Optionally, in the step d, the addition amount of the water glass is 1-10000 g/ton of raw ore, the addition amount of the molybdenite collecting agent is 80-200 g/ton of raw ore, and the addition amount of the foaming agent is 10-150 g/ton of raw ore.

Step e: d, adding water glass into the flotation foam of the molybdenum roughing operation, uniformly mixing, performing pre-concentration 1 operation, performing 1-2 times of pre-concentration operation on the obtained pre-concentration 1 foam again to obtain molybdenum roughing concentrate and pre-concentration operation underflow, returning the pre-concentration operation underflow to the previous pre-concentration operation, and returning the pre-concentration 1 operation underflow to the step a.
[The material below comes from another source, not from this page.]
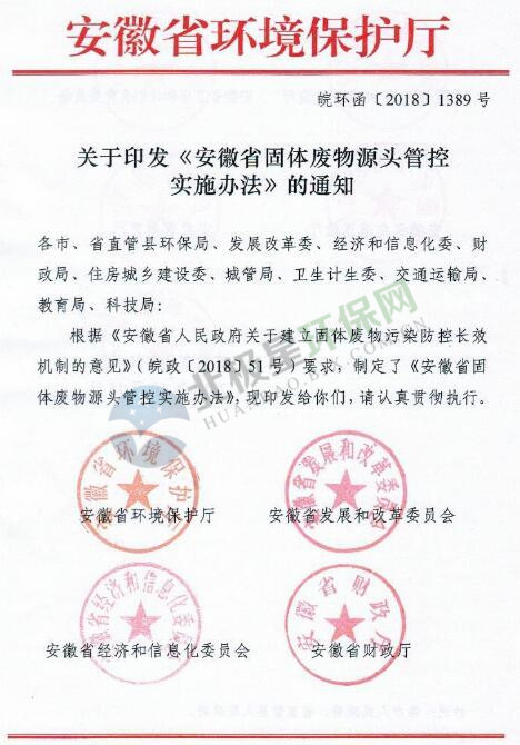 日前,安徽省發(fā)布《安徽省固體廢物源頭管控實施辦法》,詳情如下:關(guān)于印發(fā)《安徽省固體廢物源頭管控實施辦法》的通知各市、省直管縣環(huán)保局、發(fā)展改革委、經(jīng)濟(jì)和信息化委、財政局、住房城鄉(xiāng)建設(shè)委、城管局、衛(wèi)生計生委、交通運(yùn)輸局、教育局、科技局:根據(jù)《安徽省人民政府關(guān)于建立固體廢物污染防控長效機(jī)制的意見》(皖政〔...

Optionally, in the step e, the adding amount of the water glass is 1-2000 g/ton of raw ore.

Step f: grinding the molybdenum rough concentrate obtained in the step e, adding water glass, a sulphide ore inhibitor and a molybdenite collecting agent, uniformly mixing, carrying out concentration II-1 operation, allowing foam of the concentration II-1 operation to enter the next concentration operation, and carrying out concentration for 3-8 times to obtain molybdenum concentrate 2; the underflow of the fine cleaning II-1 operation enters the molybdenum cleaning 1 operation, the underflow of the molybdenum cleaning 1 operation sequentially enters the next fine cleaning operation, the number of fine cleaning operations is 2-5, finally tailings 3 are obtained, the foam of the fine cleaning operation sequentially returns to the previous fine cleaning operation, and the foam of the fine cleaning 1 operation returns to the fine cleaning II-1 operation.

Optionally, in the step f, the addition amount of the water glass is 1-500 g/ton of raw ore, the addition amount of the molybdenite collecting agent is 1-50 g/ton of raw ore, and the addition amount of the sulfide ore inhibitor is 1-50 g/ton of raw ore.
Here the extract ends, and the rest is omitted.